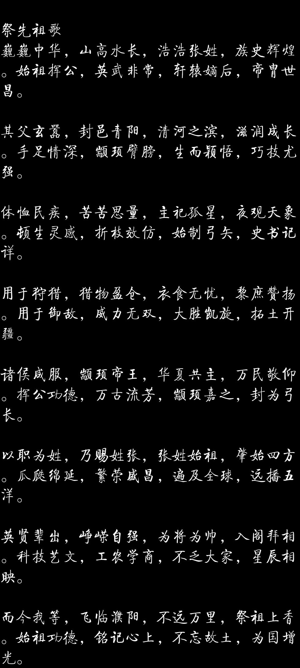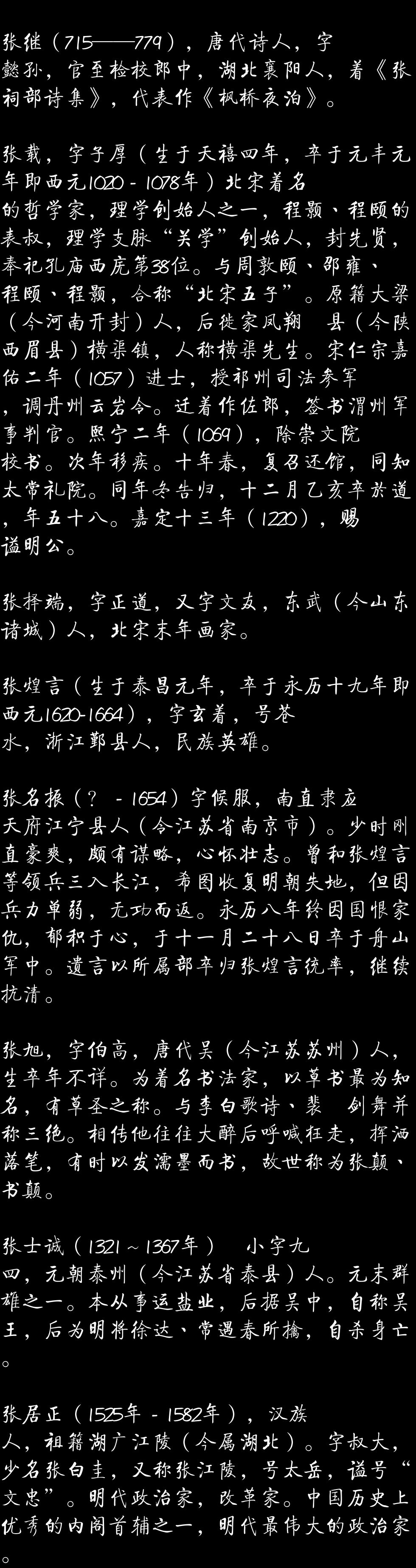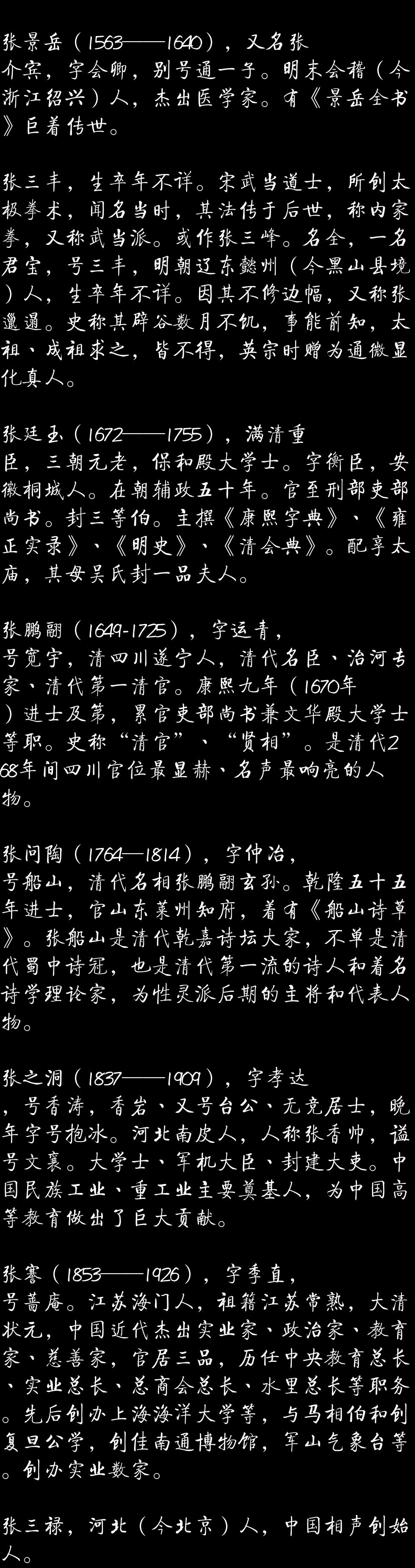 中华广袤大家族, 张氏英名万古传。
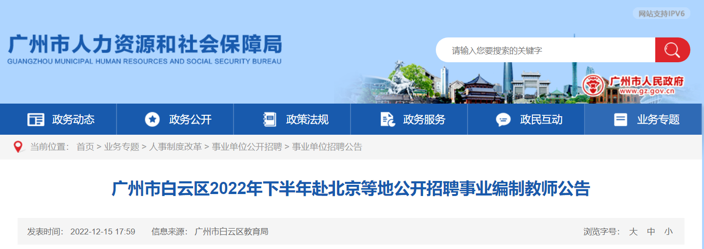 原文標(biāo)題:廣州市白云區(qū)2022年下半年赴北京等地公開招聘事業(yè)編制教師公告
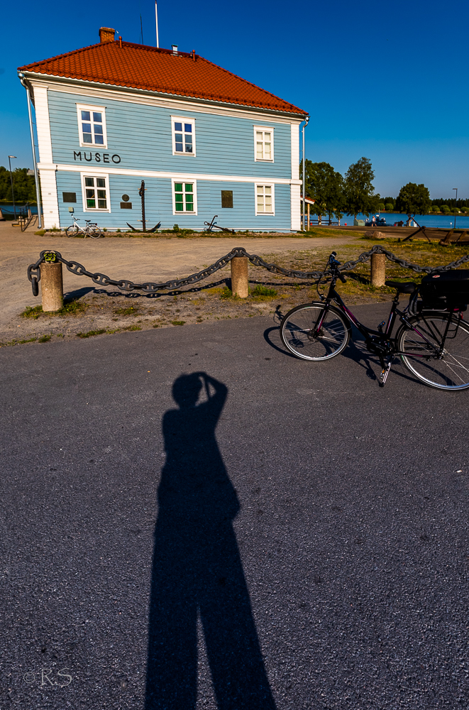 Yritin ottaa myös selfien (tällaiseen sorrun kerran vuodessa): ajatuksena muka loistoidea! Huoh! Koetin tunkea kuvaan tämän kesän omat juttuni: historia, vesi (meri, joki, järvi – ihan sama mikä, mutta vesimaisema!) ja pyörä sekä kuvaaminen. Ajattelin, että jos vaikka uusisin profiilikuvani nettisivuille, mutta enpä kelpuuta moiseen … Jos nyt kuitenkin tähän. No näkyy siitä että oli tulossa lämmin päivä!
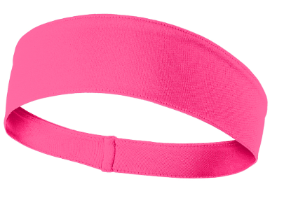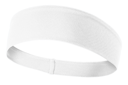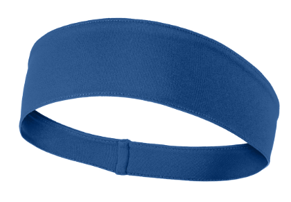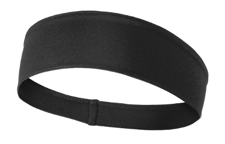 Moisture-wicking headband that narrows in the back to fit more securely.

★ ★ ★ ★ ★

● **EXERCISE OBJECTIVE**
A word-for-word copy of the data above is needed, one that omits the pictures.

● **WORKED SOLUTION**
 中华广袤大家族, 张氏英名万古传。
 原文標(biāo)題:廣州市白云區(qū)2022年下半年赴北京等地公開招聘事業(yè)編制教師公告
 Yritin ottaa myös selfien (tällaiseen sorrun kerran vuodessa): ajatuksena muka loistoidea! Huoh! Koetin tunkea kuvaan tämän kesän omat juttuni: historia, vesi (meri, joki, järvi – ihan sama mikä, mutta vesimaisema!) ja pyörä sekä kuvaaminen. Ajattelin, että jos vaikka uusisin profiilikuvani nettisivuille, mutta enpä kelpuuta moiseen … Jos nyt kuitenkin tähän. No näkyy siitä että oli tulossa lämmin päivä!
 Moisture-wicking headband that narrows in the back to fit more securely.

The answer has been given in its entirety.